Cambodia’s young workforce is desperately in need of mentorship, explained Seng Sopheap, the president of the National Institute of Posts, Telecoms and ICT (NIPTICT), and incubators like Impact Hub have done well in this matter – but these small-scale initiatives can only reach so many people. 

“One of the assets for Cambodia is that our workers are very young, and we are very fast learners”

“People complain about a lack of soft and hard skills, and at NIPTICT, we are focusing on mentorship and training to address this issue,” he said. “We train around 1,500 government staff each year on IT skills, and teach them what the impact of this tech can be on their job and on society… this is very practical now, especially, because soon, technology could change all of our lives.”

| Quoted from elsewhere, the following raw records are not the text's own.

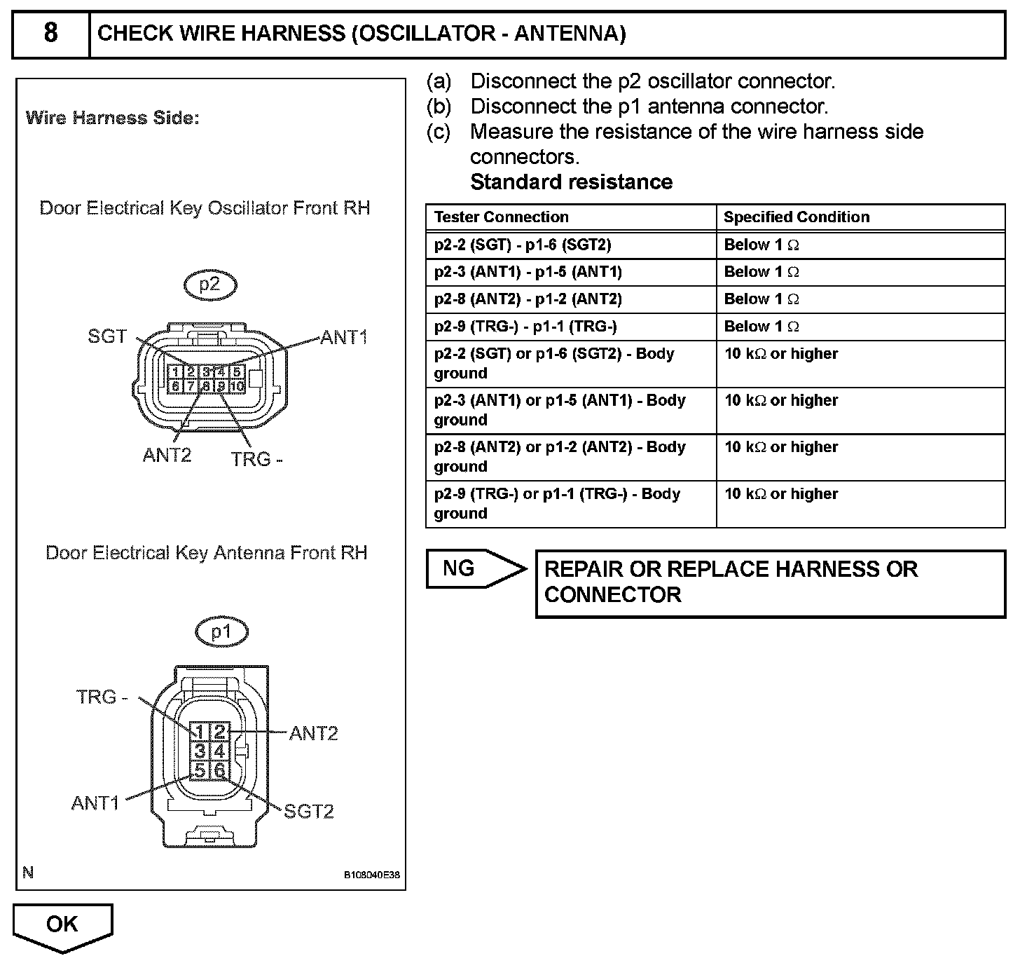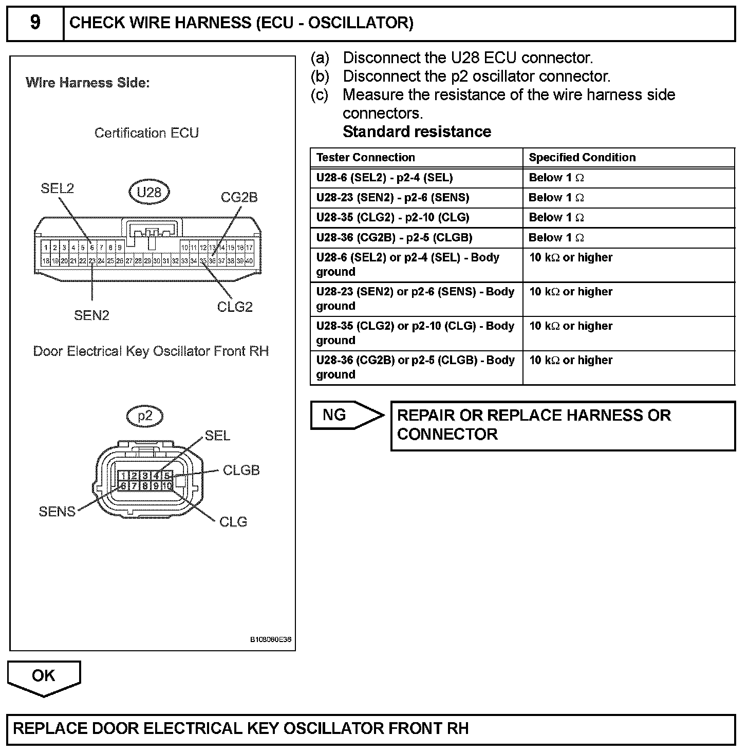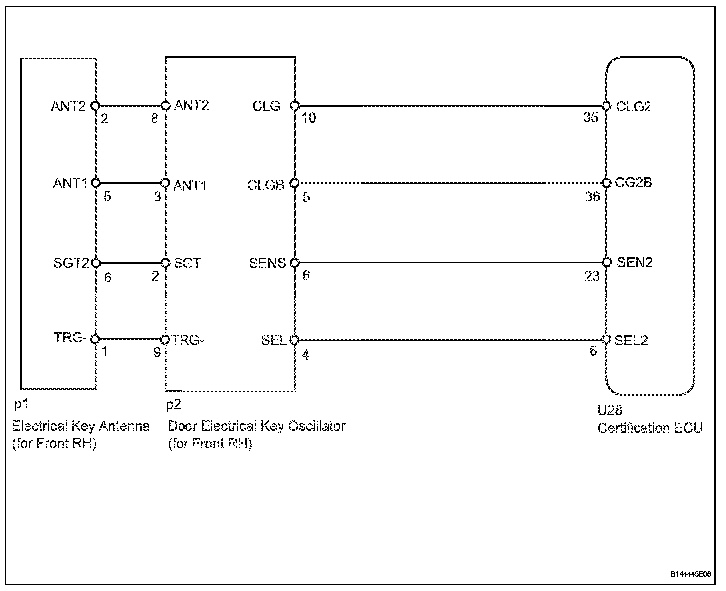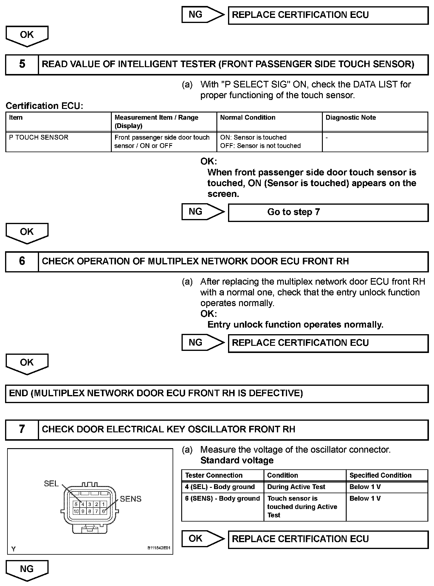 When an ID code from the door electrical key oscillator front RH matches an ID code from the key, the certification ECU outputs a SEL signal (Lo when output) to the door electrical key oscillator front RH, activates the touch sensor inside the outside door handle, and enters unlock standby mode. When the touch sensor is touched, the door electrical key oscillator front RH sends a SENS signal (Lo when output) to the certification ECU and the certification ECU sends an unlock signal to the front passenger side door lock.
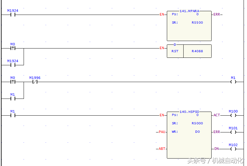 如果是以上情况的话,其实也简单,PLC的非保持寄存器在断电时都会自动归0,利用这一特性写一段指令,当上电时即判定当前为停机状态,并自动复位设备。还有一个...
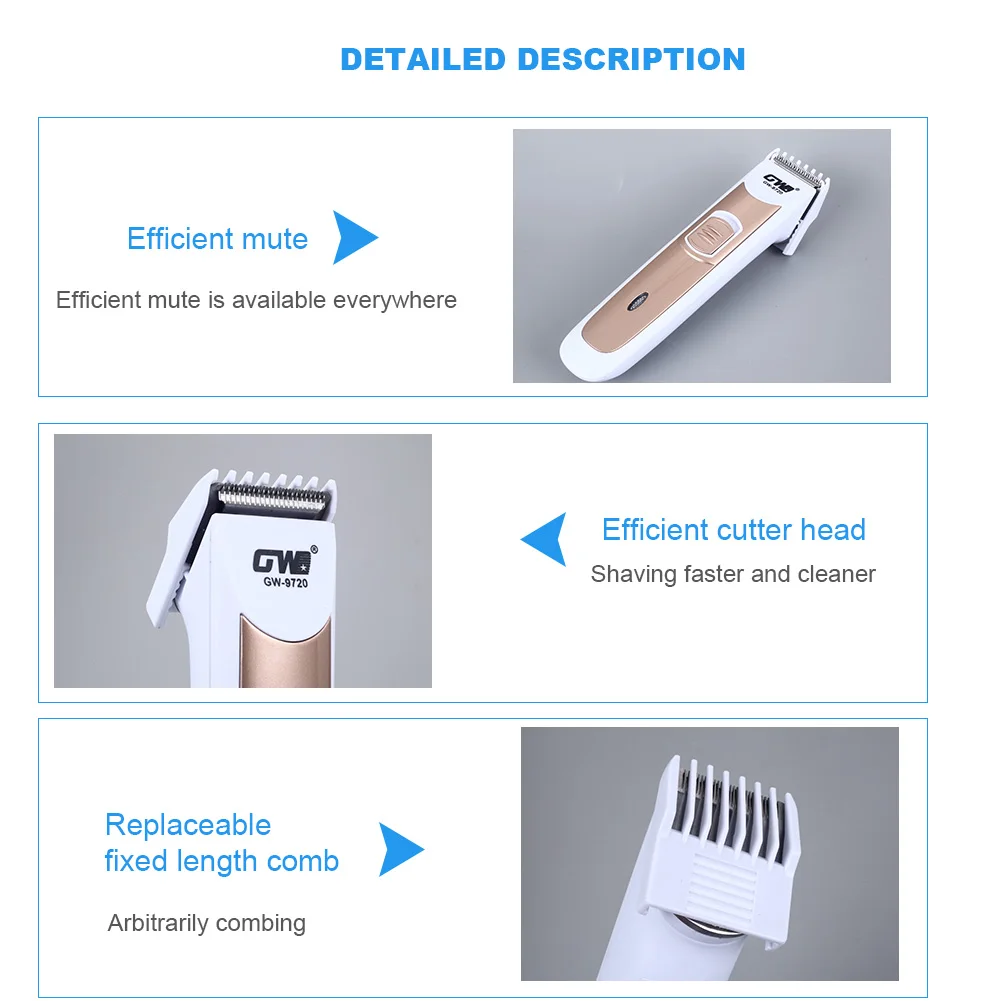 Сильная и стабильная мощность, острая головка ножа, мощная резка, равномерный захват и стрижка волос, быстрая и экономичная, в то же время, контроль шума очень маленький, даже ребенок не проснется

A key aspect of preparing for the trend of digitisation that is sweeping across the globe, he added, is funding for research groups at the college level. With funding from NIPTICT, multiple universities have begun years-long research projects into technologies that have the potential to change the landscape of the Kingdom, including robotics, language processing and telecommunications tools. 

He added that, in a digitising world, it will be important to teach skills that machines cannot master, like creative thinking, problem-solving and negotiating. 

“One of the assets for Cambodia is that our workers are very young, and I believe we are very fast learners,” Sopheap said. “For example, in the garment and textiles industry, a lot of jobs will be lost but new jobs are going to be created when we bring in new machines that require upkeep… we just need to be sure that people learn how to operate these machines.”

“”It’s inevitable that change is coming,” he added. “But I think, in Cambodia, there is hope.”